Invisible Empires once again features Sara bringing songs about the frailty of this existence, the tensions between the spirit and the flesh, and a world spinning on a course that seems to be veering away from God. Still, this is essentially pop music, and even though there's an underlying world-weariness about injustice on songs like the gospel-inspired "Eyes on the Prize" (which references the Civil Rights movement, Paul and Silas, and the International Justice Mission), the music is rhythmic and hooky, often showing a generational Beatles / classic rock influence with a dose of Joni Mitchell on the side.
Mostly piano-driven ("Open My Hands" is the only track to start with the sound of an acoustic guitar), the intimacy of the bass, guitar, piano, and percussion line-up brings a nice human spin to the proceedings with a tastefully minimal string section keeping the production warm.
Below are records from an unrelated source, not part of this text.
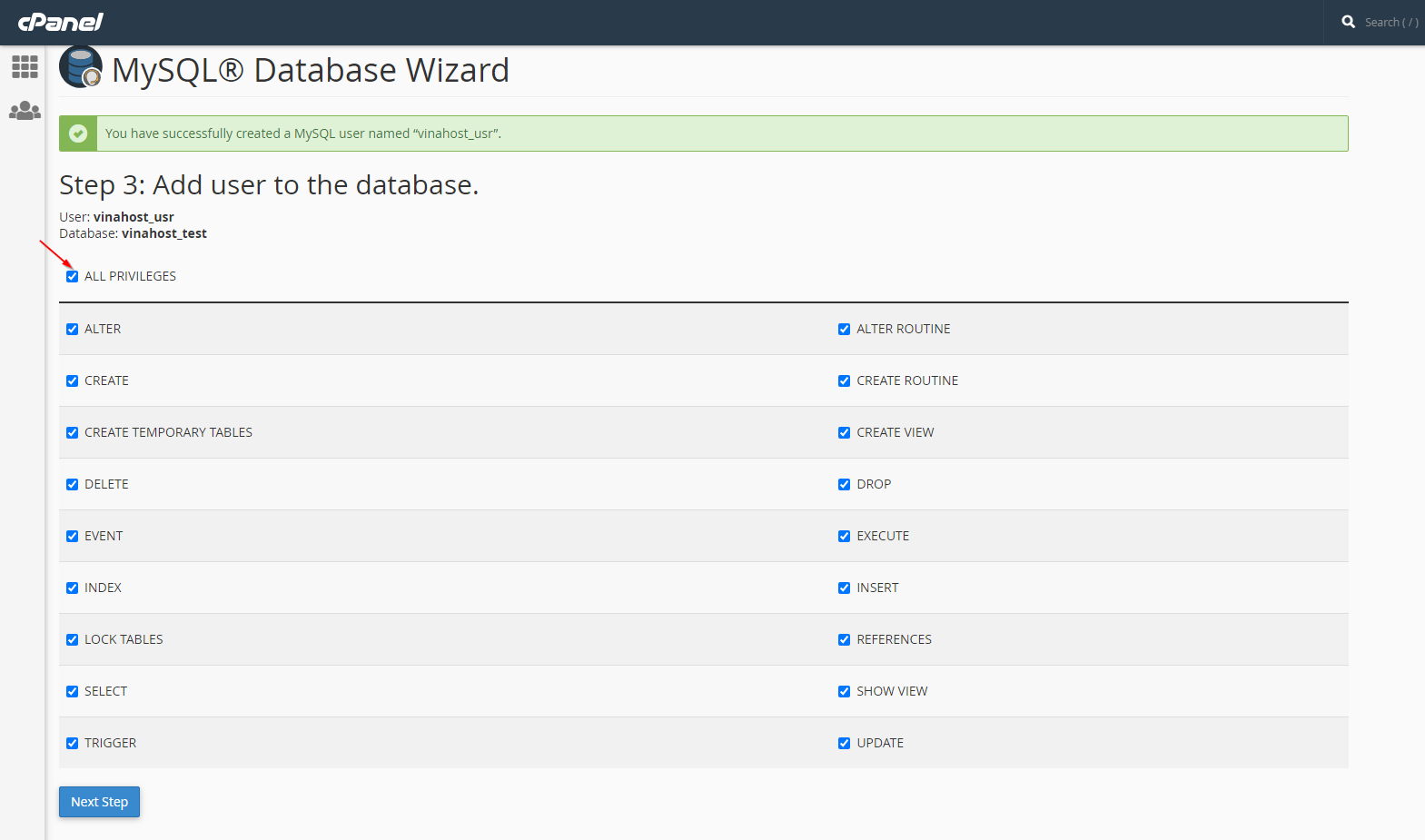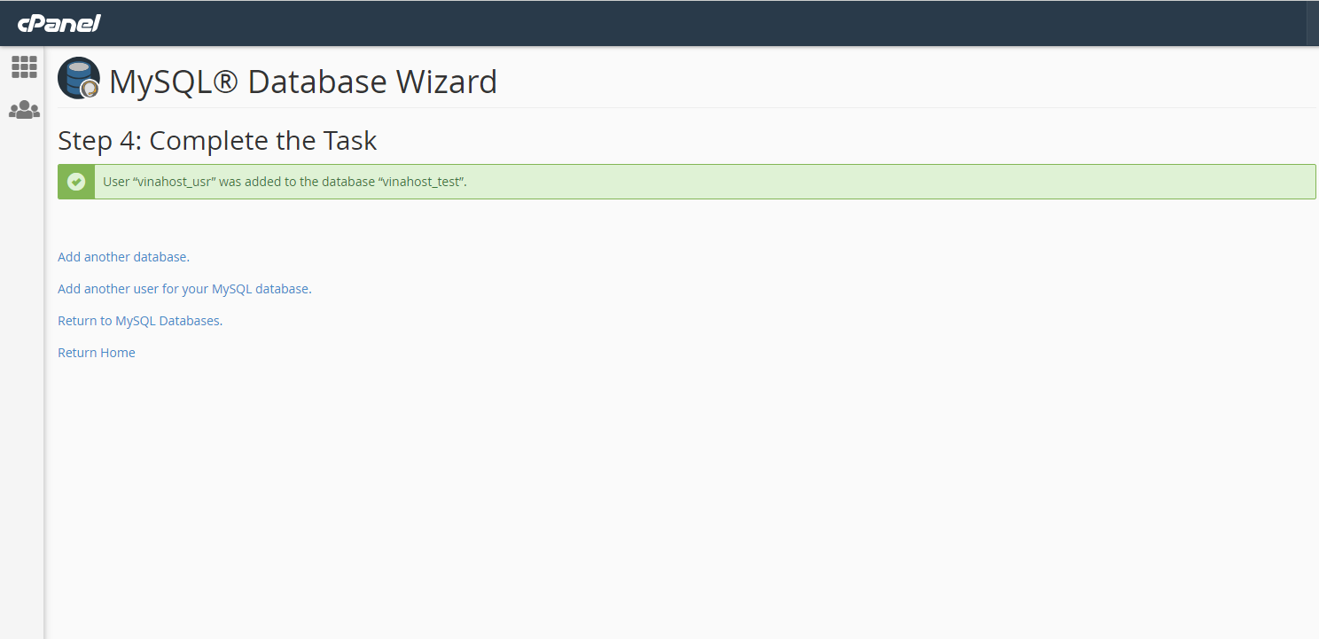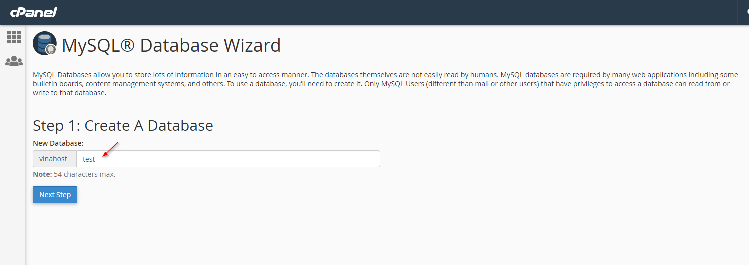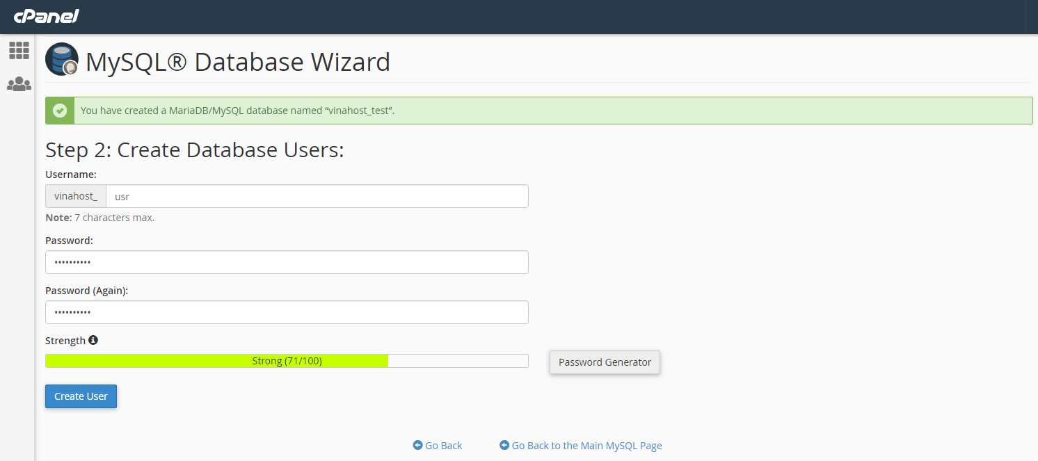 ** Lưu ý: với cPanel, tất cả database name và database username đều bắt đầu bằng các chữ cái đầu của username của tài khoản hosting, và không thể thay đổi được.
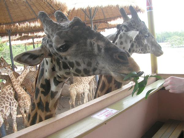 ведрах продают для них еду. Там морковка, бананы, ветки с листьями..
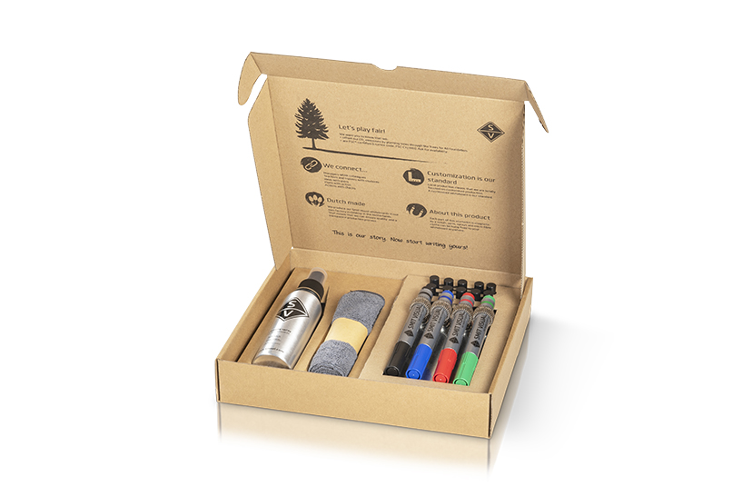 Elk onderdeel van de Deluxe Starterkit is magnetisch. Stiften, wissersprays en microvezeldoekjes kunnen daardoor overal op het whiteboard* gehangen worden. Microvezeldoekjes zijn de meest effectieve en makkelijke manier om mee te wissen. Bovendien zijn deze magnetische doekjes gewoon uitwasbaar.
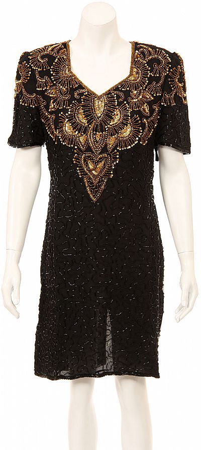 V-NECK SHORT BEADED COCKTAIL DRESS
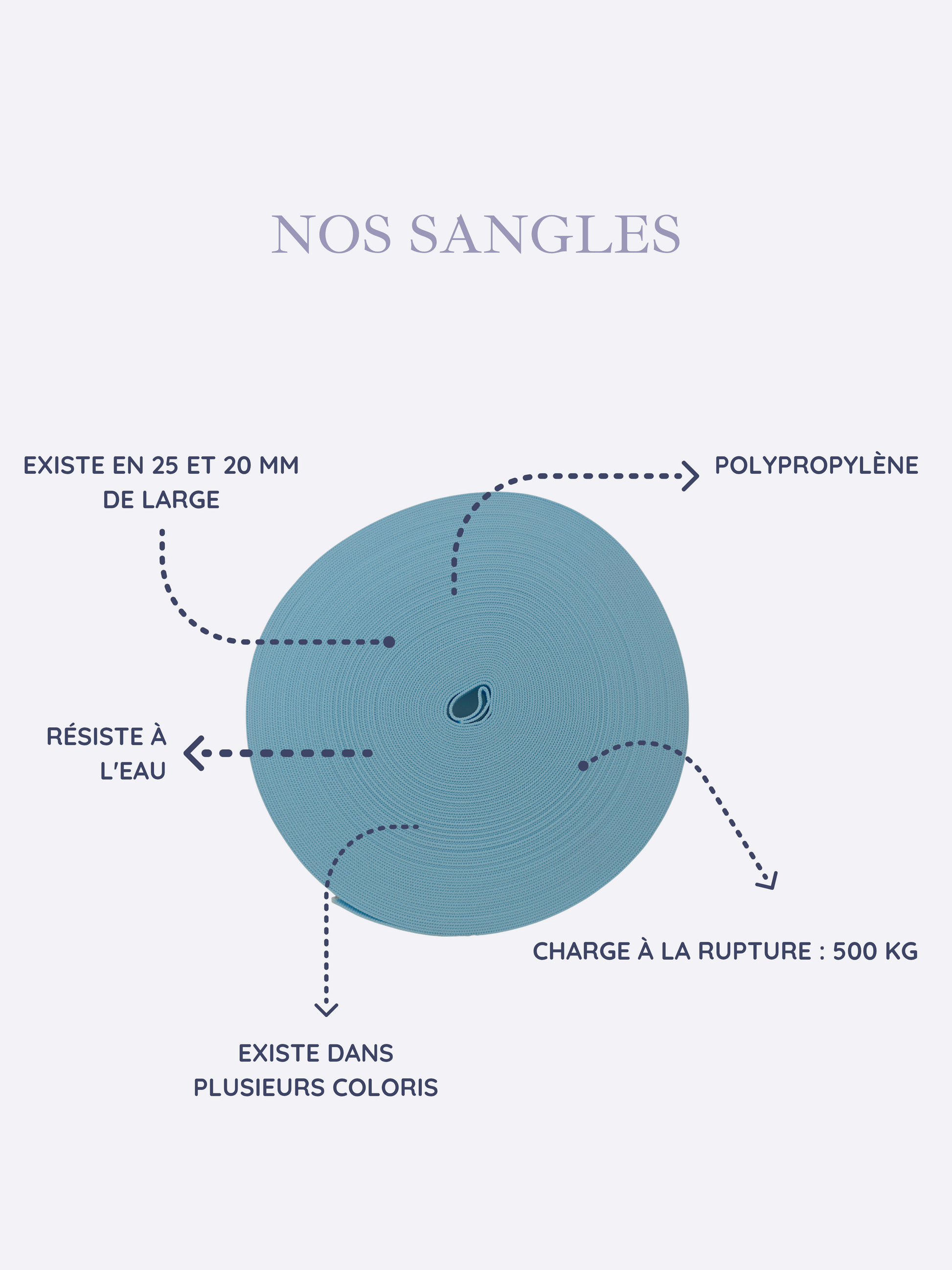 Sangle en polypropylène : solide, résistante à l’usure et légère.
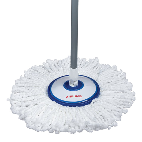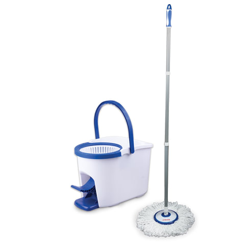 Швабра с отжимом и ведром 11л/5л, центрифуга, отжим педалью, круглая насадка липучка, бело-синий, LAIMA, 601459
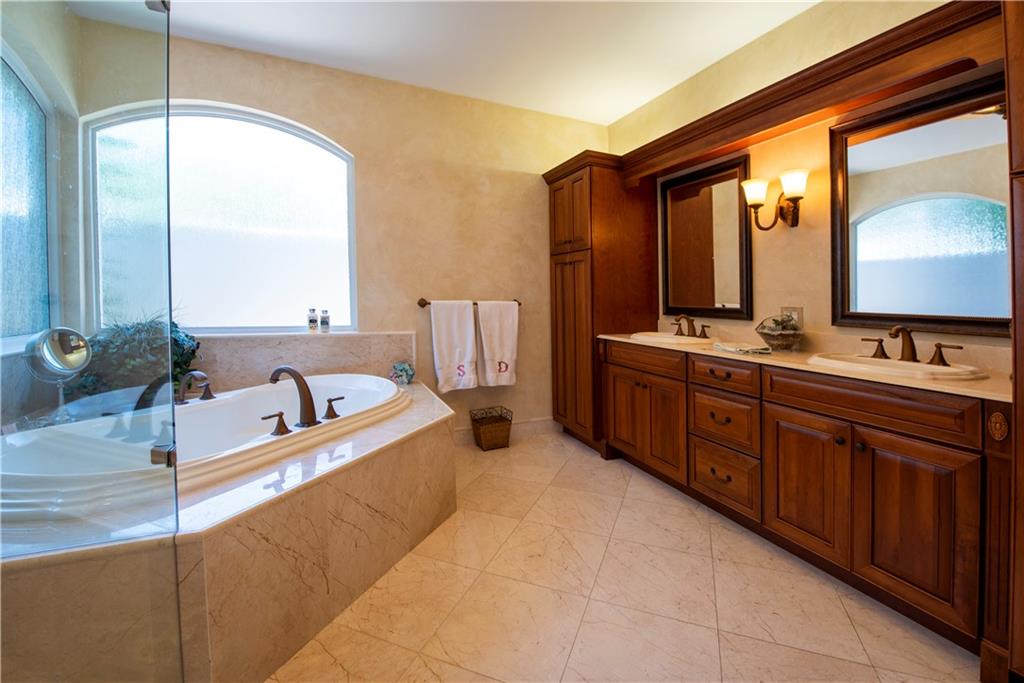 Your Maple Island Resort Awaits! This custom 1 story 5 bedroom/3-SPLIT (PLAYROOM OR WORKOUT ROOM) Office/3 full bath/3 car Garage home is elegantly remodeled! Completely New Kitchen w/gorgeous custom cabinets, Stainless Steel Appliances, Center Island, marble and granite counters, Remodeled Butler's Pantry w/Wine cooler, separate laundry room w/ sink+ folding counter. Master Bath w/Spa Tub. Newly installed wood look tile floors throughout main living areas, Wood Floors in All Bedrooms and Office, NEW IMPACT WINDOWS, DOORS and GARAGE DOORS. Newer Roof. This open floor plan views a Huge Beautifully landscaped 17,173 S/F Lot. Your Secluded tropical Paradise w/stunning salt water pool and spa, and oversized covered outdoor room w/custom outdoor gas fireplace. Newer AC units w/ UV light system
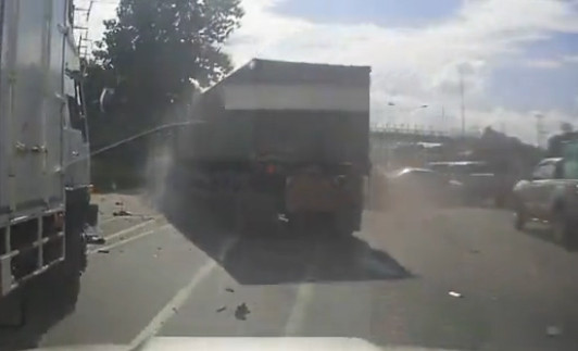 Container mất lái ủi bay hàng loạt ô tô trên quốc lộ (XEM CLIP)
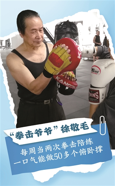 85岁的徐敬毛是杭州拳击界“元老级”人物。14岁练拳,16岁入省队,18岁代表浙江出战全运会,曾任北京亚运会拳击检录组组长,培养出400多名运动员。 如今虽至耄耋,徐老仍每周两次去拳馆当陪练,公益邀约从不推辞。他笑称自己“有三爱”:爱睡觉,爱看都市快报,爱锻炼,现在一口气能做50多个俯卧撑。
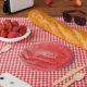 Korallenrosa Rose, Name, floraler Bat Mitzvah Pappteller
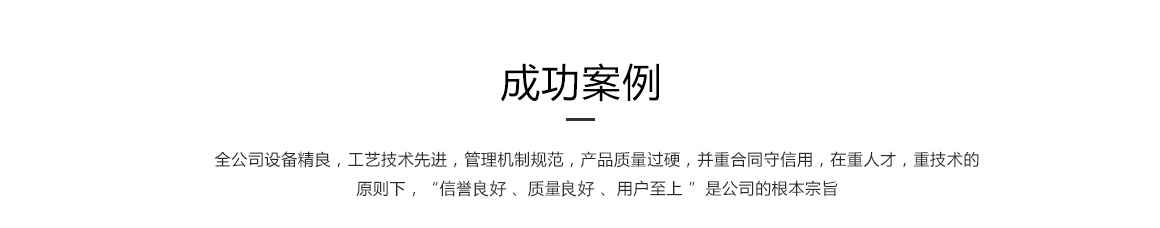全公司設備精良,管理機制規(guī)范,產(chǎn)品質(zhì)量過硬,并重合同守信用,在重人才,重技術的原則下,“信譽好 、質(zhì)量標準 、用戶至上 ”是公司的根本宗旨。公司上下,團結(jié)一致,把不斷完善并持續(xù)改進質(zhì)量管理體系作為公司永恒的追求。
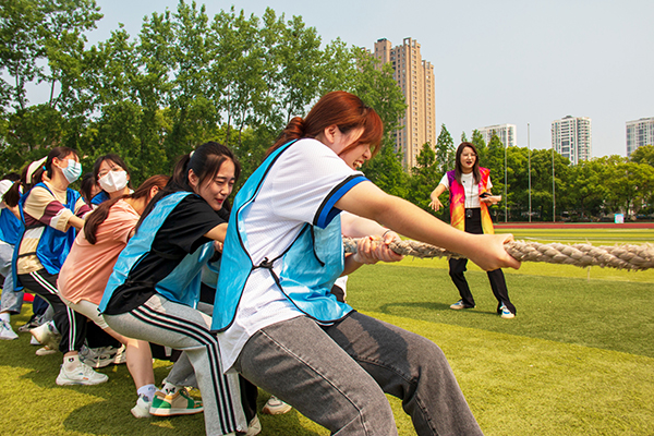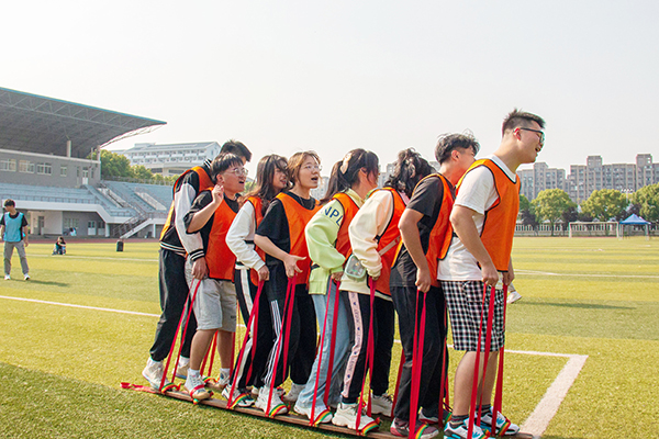同学们分为红、橙、蓝、浅蓝四队,开展了“拔河”“龙舟赛跑”“击鼓颠球”“板鞋合力跑”等趣味丰富的益智活动,不仅考验了团队之间的协作配合能力,也拉近了同学们之间心的距离。操场上回响着阵阵“加油,不放弃!”的口号声,汗水陪伴着笑颜,成为了活动场上最灿烂的阳光。祁曼老师寄语同学们,珍惜时光、积极进取,以自信、开朗的心态,面对疫情带来的诸多未知挑战。
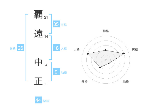 覇遠 中正さんの総格は44画の2点!

Producer Steve Hindalong, himself a fine percussionist (The Choir), keeps a light hand on the sound, keeping the arrangements organic without losing the classic-pop/rock attitude on songs like "I'll Wait," and the wonderful, observational, "Scientists in Japan."
Groves is a fine singer with impeccable timing and simple, effective phrasing, but it's the vulnerability of her delivery that brings the humanity of the songs to the forefront. In "Open My Hands," when she sings, "I believe in a fountain that will never run dry, though I've thirsted and didn't have enough / Thirst isn't a measure of His faithfulness," you sense the essence of trust in her delivery – and when she concludes, "I am nodding my head in emphatic 'yes' to all that You have for me," the line is infused with surrender. These are songs born from life, which is why I think 'pop music for grown-ups' is an apt description – this is where the drama, angst and rage reconcile with every day life. The world is, indeed, spinning faster and faster, causing Groves to sing, in "Finite," these words: "This frenetic fascination is really driving me insane ...anybody feel that?"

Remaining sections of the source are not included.